I have a circuit that uses a PIC micro-controller to enable the batteries. So when the user turns it off, the PIC 'commits suicide' by disabling the batteries so that no current is drawn anymore. Now no devices have power. So when the batteries are not enabled, I have to use a SPST power switch, that shorts one side to ground, to somehow send battery power to the circuit to wake up the PIC and allow it to enable the batteries and sustain life.

The troubling requirement is that the switch is grounded. So I can power the other side and use a P-Channel MOSFET to enable the batteries when the switch is grounded. I've attached a diagram of this. But the MOSFET stays on no matter what, I can't get it to stop sending battery voltage into the circuit. Please help with any advice or alternative ideas to get this circuit to disable the battery voltage to the circuit when the switch is not pressed.
*I have to use a voltage divider because the PIC is also connected to side 2 of the switch - to know when it is pressed.
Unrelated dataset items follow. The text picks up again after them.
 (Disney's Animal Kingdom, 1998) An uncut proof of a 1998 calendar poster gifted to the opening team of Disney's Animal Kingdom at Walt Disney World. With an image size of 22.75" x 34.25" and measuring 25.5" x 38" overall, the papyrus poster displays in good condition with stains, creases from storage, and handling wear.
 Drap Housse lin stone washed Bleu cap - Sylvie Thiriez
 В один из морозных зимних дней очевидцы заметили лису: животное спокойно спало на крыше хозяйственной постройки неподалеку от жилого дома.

The batteries range from about 3.8 to 6.2 volts and the PIC can't handle more than ~6V.

 

You can replace R1 with a N-channel FET such as a 2N7002. If the PIC is powered off as well then you need a resistor (100k to 1 meg) from the gate of the 2N7002 to ground.

 

You can replace R1 with a N-channel FET such as a 2N7002. If the PIC is powered off as well then you need a resistor (100k to 1 meg) from the gate of the 2N7002 to ground.

Where does the gate connect? I'm assuming the source is grounded and the drain goes out to the P-channel FET gate.

 

I would delete R1 completly and make R2 around 100k or so. Use a bipolar npn transistor parallel with the switch. Why is that diode there?
You press the switch, and as soon as the pic wakes up it sets logic one on the output that feeds the base of the npn, should take no more than a few us to do that in code. Now the micro keeps that pin high for as long as it needs to be on. When it pulls it low the power goes off and you have to push the button again to run it again.
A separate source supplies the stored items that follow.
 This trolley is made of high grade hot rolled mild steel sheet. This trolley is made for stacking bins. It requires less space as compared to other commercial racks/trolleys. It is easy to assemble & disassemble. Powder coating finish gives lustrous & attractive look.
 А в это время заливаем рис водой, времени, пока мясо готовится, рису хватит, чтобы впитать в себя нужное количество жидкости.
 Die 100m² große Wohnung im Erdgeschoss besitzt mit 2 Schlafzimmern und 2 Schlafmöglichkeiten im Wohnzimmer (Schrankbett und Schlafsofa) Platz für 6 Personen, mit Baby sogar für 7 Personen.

Also check that you have the source and drain connected correctly.

 

Where does the gate connect? I'm assuming the source is grounded and the drain goes out to the P-channel FET gate.
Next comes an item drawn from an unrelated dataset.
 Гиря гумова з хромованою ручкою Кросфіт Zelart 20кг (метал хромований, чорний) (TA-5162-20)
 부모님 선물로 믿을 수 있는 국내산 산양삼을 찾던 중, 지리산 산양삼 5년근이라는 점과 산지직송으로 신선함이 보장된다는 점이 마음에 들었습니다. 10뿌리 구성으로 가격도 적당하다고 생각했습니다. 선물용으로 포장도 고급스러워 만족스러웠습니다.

Sorry, I should have been more precise. Yes, the 2N7002 source connects to ground and the drain connects to the gate of your power P-channel FET. The gate of the 2N7002 connects to the output of your PIC. Leave the connections of your switch, R2 and the P-channel FET unchanged.

 

I would delete R1 completly and make R2 around 100k or so. Use a bipolar npn transistor parallel with the switch. Why is that diode there?
You press the switch, and as soon as the pic wakes up it sets logic one on the output that feeds the base of the npn, should take no more than a few us to do that in code. Now the micro keeps that pin high for as long as it needs to be on. When it pulls it low the power goes off and you have to push the button again to run it again.

Also check that you have the source and drain connected correctly.

The diode is there because there are a few voltage sources (batteries when enabled, power switch and wall plug) that feed into the same line (I call RawV) which then go into the voltage regulator. Each power source has a diode going into RawV.

 

I should clarify that I already have a functional battery enable. It is a load switch controlled by the PIC. The power switch, diagrammed above, is only temporary to power the PIC long enough to enable the batteries (a separate line). So I need the power switch PFET to stop allowing current through when it is not pressed. Otherwise, devices consume current while their supposed to be off.

 

Then just use R2 to hold the transistor closed, and delete R1 which is not needed anyway.

 

Then just use R2 to hold the transistor closed, and delete R1 which is not needed anyway.

That's what I thought too. R2 keeps the gate voltage close to the battery voltage until the switch grounds it. Sounds perfect... except that the PFET still outputs a small voltage when the gate is high. Maybe I just need to find the right PFET that will stop the voltage fully.

 

There should be no voltage at the drain of the pfet unless it is broken or wired incorrectly.

 

There should be no voltage at the drain of the pfet unless it is broken or wired incorrectly.

... or the load is drawing a _very_ small amount of current.

 

... or the load is drawing a _very_ small amount of current.

That would be voltage caused by leakage current of the transistor. Such current will be completely insignificant with respect to the required load current. So if you measure voltage ath the point between the diode and the transistor and you are sure that this path is not the main supply, then just forget about it and regard the transistor as being turned off.